Reportedly, the elevated pH in the CBP is the most significant factor in mobilizing the metals. The only mechanism for dissolved contaminants to exit the CBP is diffusion at the boundary, a very slow process. When the mobilized metals exit the CBP the pH drops and the metals become locked within a silica gel or get precipitated as insoluble solid or liquid phases.

The study was generally thorough. It is apparent that a lot of thought was given to the activities planned and the data required to determine source removal and future potential remediation planning.

The presentation of water quality data from various sampling episodes, and/or selected water quality results, due to "data quality objectives" for a particular data set presents only one map with contaminant concentrations unrelated to each other in time. This approach is inherently problematic in that any site treated in such fashion will have only one map and the contaminant concentrations will look static rather than dynamic as occurs in natural systems. While reviewers and responsible parties want to make decisions based on the best available data, the commonly practiced approach of developing ground water and contaminant concentration maps based on time equivalent data provides several views of contaminants through time, showing the dynamics of plume movement. This practice also provides real data sets to calibrate transport models and better determine the need for remedial measures. Separate concentration maps for each sampling event should also have been provided in the RI.

The ground water model was only calibrated to the steady state equilibrium scenario.
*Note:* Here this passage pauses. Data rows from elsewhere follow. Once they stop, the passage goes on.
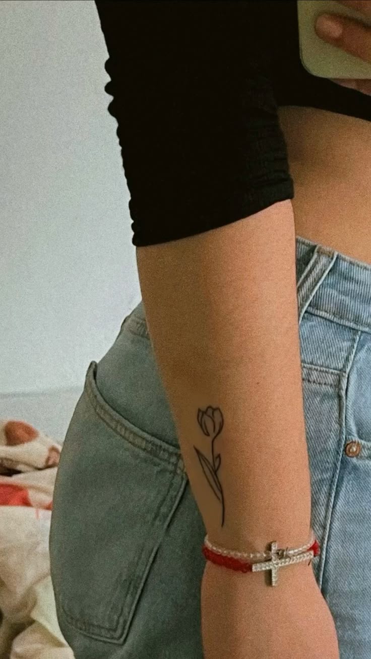 A single tulip drawn in clean lines feels fresh, understated, and quietly confident. It’s the kind of first tattoo that doesn’t try too hard—it just exists beautifully. There’s something so feminine yet modern about a lone flower climbing gently along the arm, like a personal signature.
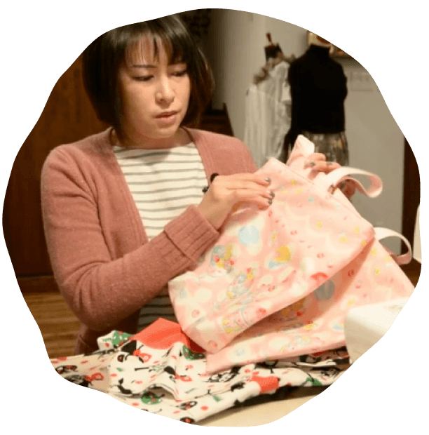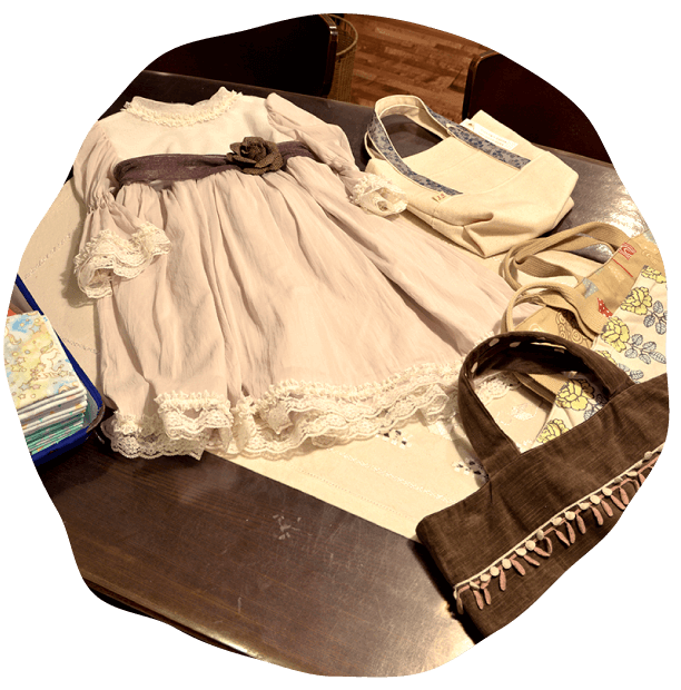 その日を境に向野さんの手から、子どものための発表会ワンピースやバック、アームカバーと、いろんなものが生まれました。それを見たほかのお母さんたちからバッグやエプロン、巾着などの依頼が舞い込むようになりました。
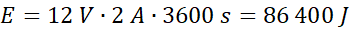 Korzystamy ze wzoru na energię. Wiemy, że ładunek to iloczyn natężenia prądu i czasu. Nie zapominamy o zamianie jednostek na jednostki w układzie SI (godziny na sekundy).
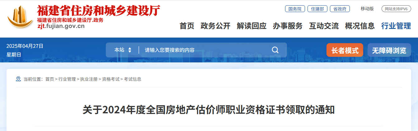 福建省關(guān)于2024年度全國房地產(chǎn)估價(jià)師職業(yè)資格證書領(lǐng)取的通知
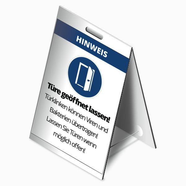 Dachaufsteller, ein stabiler Dachaufsteller, überall bequem und standsicher aufzustellen. Der Warnhinweis ist beidseitig aufgedruckt. Material: 100% recycelte Wellpappe. Ausführung: "Türe geöffnet lassen!"; Größe: 300x500x4 mm.
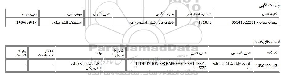| مهران دیوان - 05141522301 | 171871 | باطری قابل شارژ استوانه ای | استعلام الکترونیکی | 1404/09/17 |

In ground water modeling this is the most easily achieved calibration. Once a ground water model results in a good fit to the observed site water levels and gradients the model should them be further calibrated to known transient conditions to determine if the model will duplicate observed transient responses. If a ground water model is to be used to evaluate pump and treat remedial options it should be calibrated to accurately depict aquifer response to pumping.

The hydraulic conductivity values used in the model were predominately determined based on lithology and visual examination. D&A thinks that more aquifer testing should have been done to obtain the data required by the model or actual measured data should by been used and or cited in the RI. Also, even though the ground water model was a 3-dimensional model with 10 layers there was no discussion of vertical permeabilities versus horizontal permeabilities and whether or how vertical permeabilities were considered in the model. The model should have been calibrated to aquifer response to transient stresses, such as on-site pumping tests.

The presentation of vertical gradient data should have been more complete.

In D&A’s opinion the fate and transport study was very thorough in its assessment of the mobility of the contaminants and the conclusion that natural attenuation of the contaminants will prevent further significant migration is well supported.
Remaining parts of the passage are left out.